「歯の神経が死んでいる場合も麻酔しますか?」
以前、当院のYoutubeチャンネルに投稿した下の動画に頂いたご質問です。
また、当院に来院される患者様から頂くご希望でもあります。
「根管治療の際には、麻酔してもらえますか?」
「いままで通っていた歯科医院では、麻酔してもらえなかったので・・・」
ぜひご参照ください。
また、当院のYoutubeチャンネルもご参照くださると大変うれしいです。
ぜひご参照頂き、ご登録ください1
《以下回答文となります》
コメントをありがとうございます。
まずは回答から!「はい!必ず麻酔をします」
むし歯は唾液中に存在する細菌が、歯を溶かしながら内部へと感染する病気です。
その感染の過程で、冷たいものがしみたり、ズキズキしたり、温かいものがしみたり、歯ぐきが腫れるといった症状が発現します。
そのため、「細菌感染を取り除く」ために、“感染した”歯の神経を取り除くのです。
これを「根管治療」といいます。
これを「根管治療」といいます。
これは、皮膚に細菌が感染した“トゲ”が刺さるようなものです。
トゲが刺されば、皮膚は腫れ、その感染は拡大します。放置すれば皮膚は赤く腫れあがり、対処しなけば、膿(ウミ)がでて、皮膚は壊死してしまうでしょう。

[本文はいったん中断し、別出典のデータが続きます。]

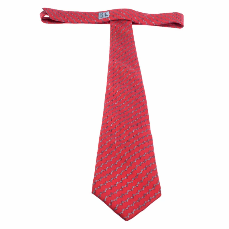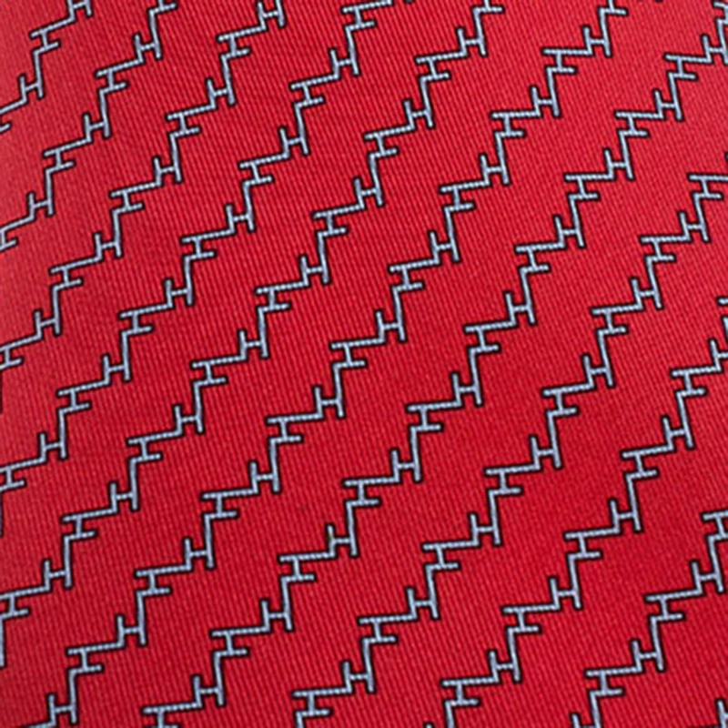 The classic geometric patterned silk tie makes for a versatile accessory. The long tie has a pointed tip and the Hermes label as a keeper loop. This tie is sober enough to be worn with formals yet cheerful enough to be worn without a jacket.

そうならないようにするには、早期に感染しているトゲを取り除くことが大切です。
壊死してしまったのであれば、その部分の皮膚も含めて取り除く必要があるでしょう。
では、その壊死組織を取り除くとき、麻酔は要らないでしょうか?
どこからどこまでが壊死しているのか、目で見て分かるでしょうか?
壊死組織を取るためには、健全な部分から壊死組織を除去しなければなりません。
健全な部分には「知覚」があります。
“麻酔、しますよね”
麻酔をして健全な部分から壊死組織を取り除くはずです。
歯も同様です。
また、歯の神経が死んでしまい、知覚が無かったとしても、周囲を支える歯槽骨や歯根膜といった組織には「知覚」があります。麻酔無では激痛です。拷問と変わりありません。
・むし歯が神経に達している
・歯の根っこの先にレントゲンでみて病変(病巣)が認められる
・電気的刺激に反応しないので、神経は死んでいる
などを根拠とした神経が死んでいるとする診断は、片手落ちの診断です。
たとえその診断が正解であったとしても、健全部分が周囲に存在するため、麻酔は必要となります。
「神経が死んでいる=麻酔が必要ない」
とする考えが歯科医師に未だに拡がっている理由には以下の状況があるでしょう。
・戦後より続く日本の保険医療制度に基づく治療
・昔ながらの歯科大学の教育
・肉眼に頼った従来の歯科治療
(未だ数パーセントの普及率ではありますが)
細菌が神経に感染したとしても、すぐに全部が壊死するわけではなく、徐々に炎症を起こし、徐々に壊死することが分かっています。 神経が死んでいるように見えても、実は生きているといったことは多いのです。
こういったことから、根管治療の際には、必ず麻酔が必要となるのです。
ちなみに、私は25年ほどの歯科医師人生において、麻酔をせずに根管治療をしたことは一度もありません。